The equation is also rich with opaque policy decisions, assumptions, and intended and perhaps unintended consequences of the mathematical manipulations. The first policy component is simply that there are precisely 3 (or 4) parameters that matter. The second is their relative weights. Since changing the weights changes the outcome for an identical set of factor scores, these weights are significant and yet fairly arbitrary.
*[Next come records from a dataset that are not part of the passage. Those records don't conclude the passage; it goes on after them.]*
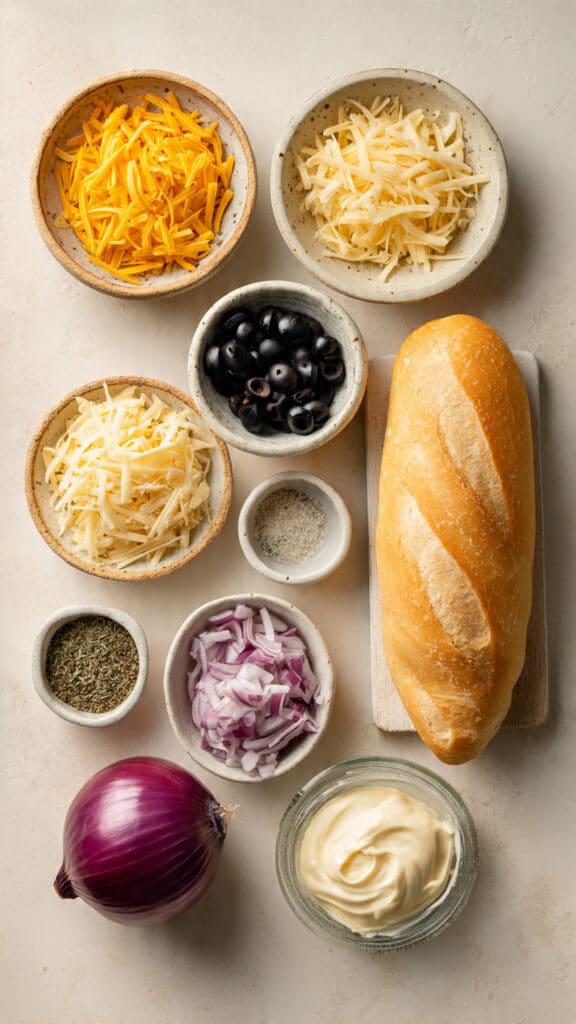 While crostini originated in Italy as small slices of toasted or grilled bread topped with various spreads, this version has a distinctly American twist. It leans into the richness of cheddar, the creamy tang of mayo, and the salty punch of olives, creating a fusion of comfort food and elegant starter. It’s a recipe that feels both familiar and totally unique.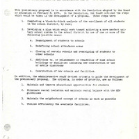 Case Data and Exhibits for Brown III, a relitigation of Brown v. Topeka Board of Education (1954) that corrected resegregation issues caused by open enrollment school choice in 1992. A summary of a preliminary plan presented at a Topeka School Board meeting on April 30, 1974. The plan includes school closures, student reassignment, and more.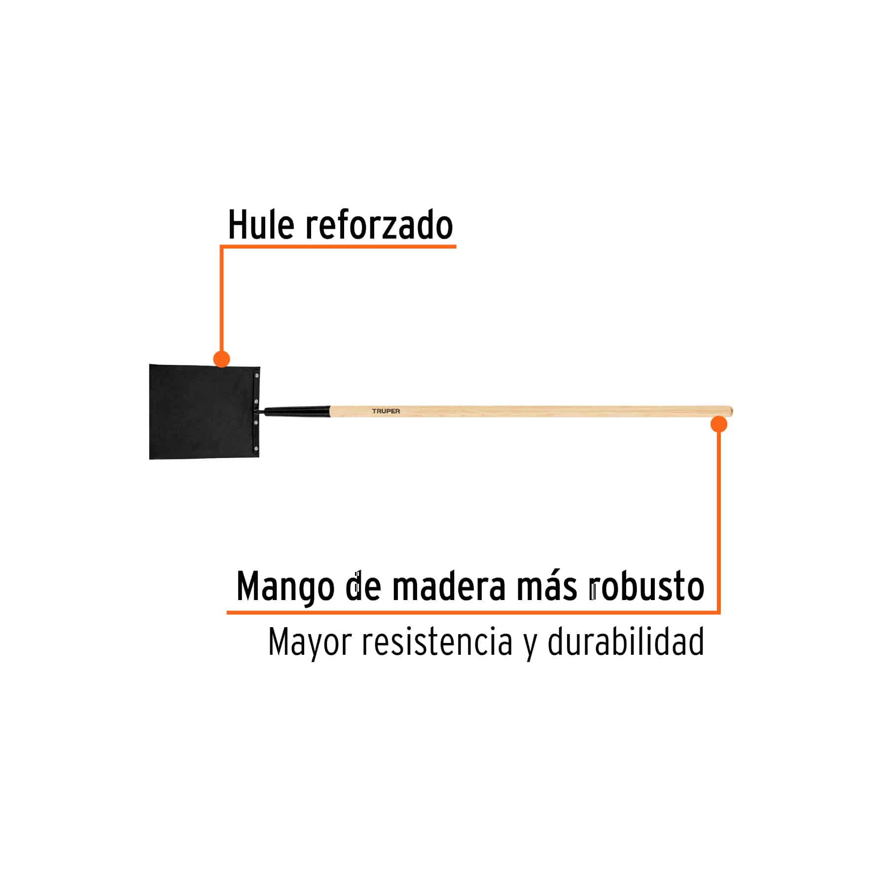 Su mango, de 1.80m, tiene un diseño ergonómico y antideslizante que le otorga comodidad, mejora el agarre y reduce vibraciones. Su cabo tubular es hueco y está constituído por fibra de vidrio reforzado con resina y polietileno de alta densidad.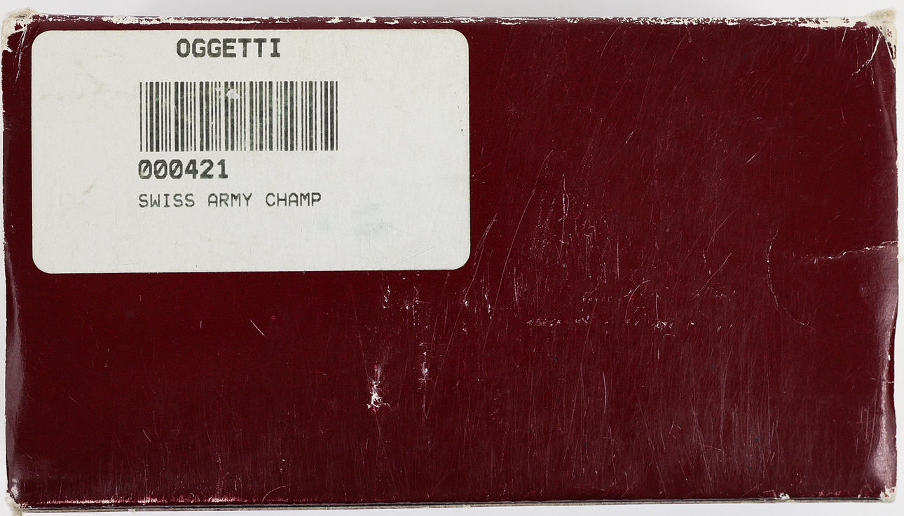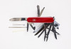 multikompakt, fickkniv med 33 olika funktioner, komplett med låda och papper, 5cm x 12cm x 7cm.

A third broader concept is that the weighted factors are to be linearly added. This idea has no underlying basis and the three component scores could be combined in some other way. A consequence of the addition method is that high performance in one category can offset lower performance in another. Thus, providers with identical final scores will have different underlying performance in the factors, and in the components of the factors. Also contained within the equation is that the other factors can offset Quality. Notably someone who has lower Quality but is doing better on Improvement can outscore someone with higher Quality. This will be particularly intriguing when Cost becomes in a factor in 2018, ie a lower cost lower quality provider could come out better than a higher cost higher quality provider. Lower cost itself is good for the payor, but not necessarily for the patient. But of course, those of us that pay taxes are all the underlying payors which leads to the common belief that healthcare costs should be tightly controlled except when it is me that is consuming healthcare at which point cost should be no object. This is a special case of the general proposition of being against government spending or tax loopholes except when you are the beneficiary.
Let’s look at some examples using the three factor 2017 scheme. Suppose Provider A has the scores 70, 50, and 50 in Quality, Improvement, and Advancing Care, with a resulting composite score of 62. Provider B has a 50, 80, 80 which is also a 62. Is their performance equal such that they should earn an equal bonus, or both be denied? If provider C has a 5, 8, 9 for a 64.5, is this really superior performance despite the lower quality?
Another problem with the entire concept is that a provider can’t be superior unless another is inferior if the bonus is taken from those at the bottom to give to those at the top. Thus the performance measure is inherently relative and is not determined only by one’s own score. I am reminded here of annual raise time during my department head days when I was given a fixed amount of money to distribute. If everyone was the same, no matter how good they were, everyone would get an average raise. If someone complained to me about getting an average raise I would ask “Whose raise do you want me to reduce so that you can have more?” Of course, some were more than willing to tell me.